In embodiments, the method comprises preventing direct viewing from downstream of the output aperture of a light source optically coupled to a waveguide of a diffuse light generation system.

The preceding summary is provided for purposes of summarizing some embodiments to provide a basic understanding of aspects of the subject matter described herein. Accordingly, the above-described features are merely examples and should not be construed to narrow the scope or spirit of the subject matter described herein in any way. Moreover, the above and/or proceeding embodiments may be combined in any suitable combination to provide further embodiments.

Other features, aspects, and advantages of the subject matter described herein will become apparent from the following Detailed Description of Embodiments, Figures, and Claims.

BRIEF DESCRIPTION OF FIGURES

Aspects, features and advantages of embodiments of the present disclosure will become apparent from the following description of embodiments in reference to the appended drawings in which like numerals denote like elements.

Figure 1 is a block system diagram showing an embodiment system for creating an artificial sky scene.

Figures 2 and 3 are block system diagrams showing embodiment optical display devices for creating an artificial sky scene of the system of figure 1.

Figure 4 is an illustrative diagram showing the embodiment optical display device of figure 3.

Figures 5 is a block system diagram showing an embodiment optical display device for creating an artificial sky scene of the system of figure 1.

Figure 6 is an illustrative diagram showing the embodiment optical display device of figure 5.

Figures 7 to 9 are to scale side cross-sectional views showing an embodiment optical display device of the system of figure 1.

Figure 10 is an illustrative diagram showing a spacer of the optical display device of figures 7 -9.

Figure 11 is an illustrative diagram showing an embodiment optical display device of the system of figure 1.

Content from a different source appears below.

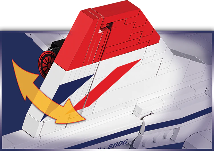 The Concorde brick kit is accurately mapped using as many as 455 parts.Using high-quality stickers to reproduce the markings on the plane, this model will really please those designers who like details in their kits. The high quality of this set means that the stickers do not wear out over time or when playing with the baby's hands. The plane is equipped with a fully operational landing gear. When the wheels are extended, they can be turned. The rudder direction is also movable.

Figure 12 is an illustrative diagram showing a view an observer experiences when gazing into an output aperture of the optical display device of figure 1.

DETAILED DESCRIPTION OF EMBODIMENTS

Before describing several embodiments of the device, it is to be understood that the device is not limited to the details of construction or process steps set forth in the following description. It will be apparent to those skilled in the art having the benefit of the present disclosure that the device is capable of other embodiments and of being practiced or being carried out in various ways.

The present disclosure may be better understood in view of the following explanations: As used herein the term "optical display device" or "device" may refer to electrically operated optical apparatus that is capable of providing an observer with a perception of a real-life sky when gazing into an output aperture of the device. The device creates a virtual sky scene. The virtual sky scene may have a perception of infinite depth (as for a real-life sky). The device may be dimensioned such that it is suitable for attachment to a ceiling or wall of an interior or a building, e.g., it is less than 1.5 meters or 2 meters or 3 meters in lateral and/or longitudinal dimension; it may be greater than 0.25 meters in lateral and/or longitudinal dimension; it may have a depth of less than 0.5 meters.

The device may recreate characteristics of said real-life sky. As used herein, the term "characteristics of a real-life sky" may refer to any optical characteristic of the real-life sky that is capable of measurement and replication in output light from the optical display device. A characteristic may include one or more of the following: a real-life colour of a real-life sky light component; a real-life colour of a real-life sun light component; a real-life intensity of a real-life sky light component; a real life intensity of a real life sun light component, and; an angle of the real life sun light component. As used herein, the term "intensity" may refer to any quantity related to a brightness perceived by a user, e.g., one or more of a: radiant intensity, measured in watts per steradian (W/sr); luminous intensity, a measured in lumens per steradian (Im/sr), or candela (cd); Irradiance; luminous power, or luminous flux) measured in lumen. As used herein, the term "colour" may refer to a colour measured by a suitable colour system which may enable digital representation, e.g., colour correlated temperature (CCT) or a colour space, including RGB, sRGB, a Pantone collection, CIELAB or CIEXYZ etc. As used herein, the term "real-life colour" may refer to a colour as measured by a colour system, which is assigned, e.g., as an average or other numerical approximation, to an object. The object can be the sun or the sky. Said colour of the object may be measured without interference (including substantial interference) from other objects in the sky scene.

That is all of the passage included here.